Горлышко расширялось равномерно, вместе с ним расширялось и пружинящее на грани своей возможности раскрыться очко. Я громко застонал.
— Давай, блядёночек сладкий, подайся-ка попкой поближе… и работу… работу не забывай… хуй без ротика скучает…
Я чуть сместился к изголовью кровати, приподняв сладко ноющий, расширяемый бутылкой зад. Кучер пристроил бутылку так, чтобы она упиралась в пружинящую обивку изголовья.
— Давай, малыш, подвигай попочкой…
Я снова заглотил хуй и стал покачивать торсом, насаживаясь на бутылку всё плотней. Боль, идущая от растягиваемого ануса, переходила в какое-то дикое, позабывшее о всех приличиях наслаждение. Я сладострастно задвигал жопой и стал надрачивать своими миндалинами твёрдую кучерову шишку.
— Быстро учишься, кругложопик… — кайфовал подо мной Колян. — Давай, потереби свой, не стесняйся… С такими стараниями скоро уже поперхнёшься Колиными сливками…

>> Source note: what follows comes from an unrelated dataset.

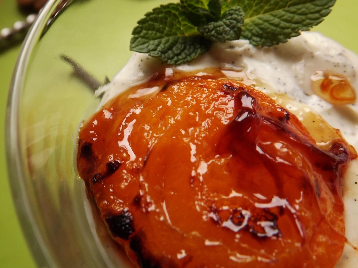 Caise caramelizate servite cu crema de mascarpone, vanilie si miere PrecedentulUrmătorul DesertFoarte ușor15 min Trimite unui prieten Printează pagina Adresează o întrebare autorului Postează o poză cu rețeta gătită de tine Ingrediente 2 patru caise patru linguri de zahar brun 40 grame unt patru lingurite de miere 100 grame mascarpone o pastaie de vainilie de bourbon cateva frunzulite de menta proaspata

Я что-то мычал, пуская рекой текущие слюни по колянову стволу. Стыдно, но мне хотелось, чтобы он ещё так назвал меня. Сучонком… кругложопой блядью… шлюшкой… сосунком. Непристойность этих слов, обращённых к мужчине, распаляла меня. Я схватил свой сочащийся хуёк и стал яростно его надрачивать. Кучер пошлёпывал меня по бёдрам и подыгрывал моему рту, ритмично поёбывая его.
— Такой приличный юноша… а оказалось, что такая проблядь, — хрипло шептал Колян, запуская свои квадратные ногти в белую кожу моего всё глубже насаживающегося на бутылку зада. — Буду теперь тебя ебать… каждую ночь драть, как сучку… попкой научу кайфовать, блядёнка… будешь ещё просить Кольку… чтоб, бля… чтоб, бля… ох, потише, кончу же, Максик… чтоб, бля… ох… выебал как следует… Ох, да что ж ты делаешь-то такое, петушок ты мой золотой! — Кучер с размаху звонко шлёпнул меня по жопе, задёргал тазом, и семя его густыми горячими порциями выстрелило мне в горло.
Я с силой налёг на бутылку, горлышко её вдруг уткнулось внутри во что-то такое, от чего по всему телу прошла дрожь; в экстазе я выпустил из рук свой член, проглотил обильный кучеров спермак, завизжал каким-то не своим, тонким голосом и, содрогаясь, обспускался следом.